TASK PROMPT:
The pictures in the data below are to be omitted; all else must be duplicated exactly.

*** EXERCISE DATA

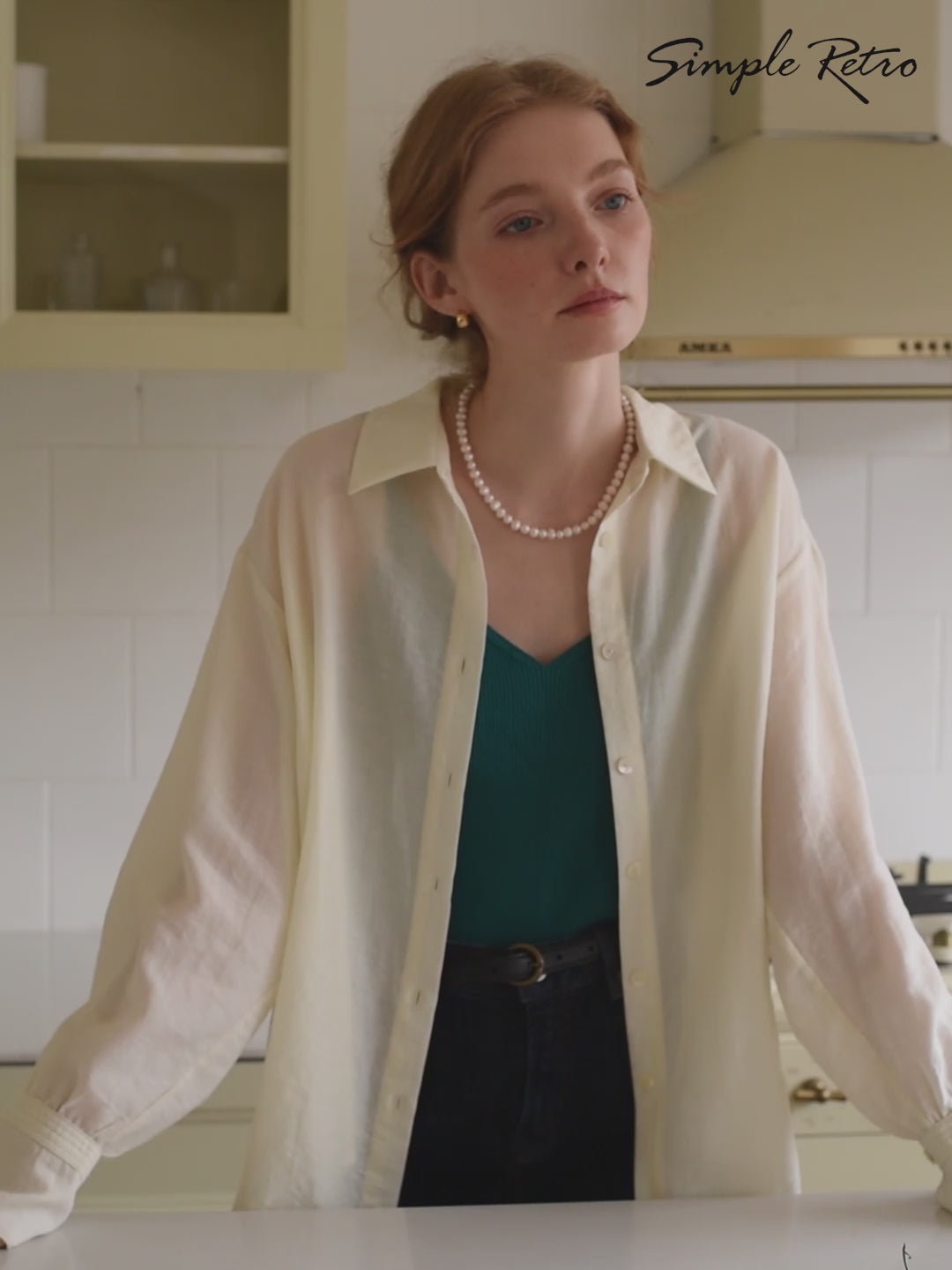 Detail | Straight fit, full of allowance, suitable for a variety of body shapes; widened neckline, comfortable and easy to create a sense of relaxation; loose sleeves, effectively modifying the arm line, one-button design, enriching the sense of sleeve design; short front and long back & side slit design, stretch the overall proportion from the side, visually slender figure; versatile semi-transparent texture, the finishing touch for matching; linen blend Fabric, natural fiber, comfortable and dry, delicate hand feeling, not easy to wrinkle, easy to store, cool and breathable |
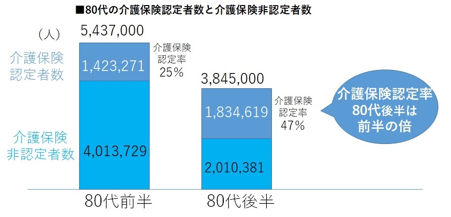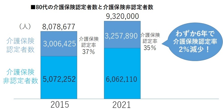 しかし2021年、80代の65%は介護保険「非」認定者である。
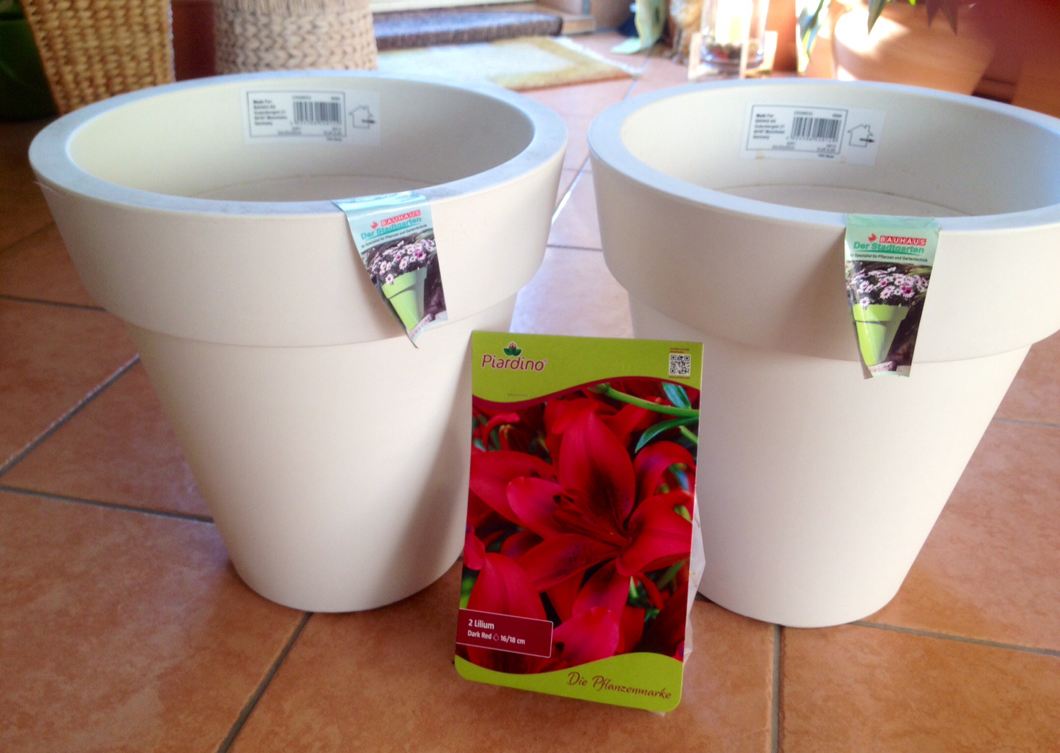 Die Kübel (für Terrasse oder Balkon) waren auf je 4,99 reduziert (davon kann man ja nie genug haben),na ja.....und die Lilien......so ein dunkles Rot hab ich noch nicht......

******

TASK SOLUTION:
 Detail | Straight fit, full of allowance, suitable for a variety of body shapes; widened neckline, comfortable and easy to create a sense of relaxation; loose sleeves, effectively modifying the arm line, one-button design, enriching the sense of sleeve design; short front and long back & side slit design, stretch the overall proportion from the side, visually slender figure; versatile semi-transparent texture, the finishing touch for matching; linen blend Fabric, natural fiber, comfortable and dry, delicate hand feeling, not easy to wrinkle, easy to store, cool and breathable |
 しかし2021年、80代の65%は介護保険「非」認定者である。
 Die Kübel (für Terrasse oder Balkon) waren auf je 4,99 reduziert (davon kann man ja nie genug haben),na ja.....und die Lilien......so ein dunkles Rot hab ich noch nicht......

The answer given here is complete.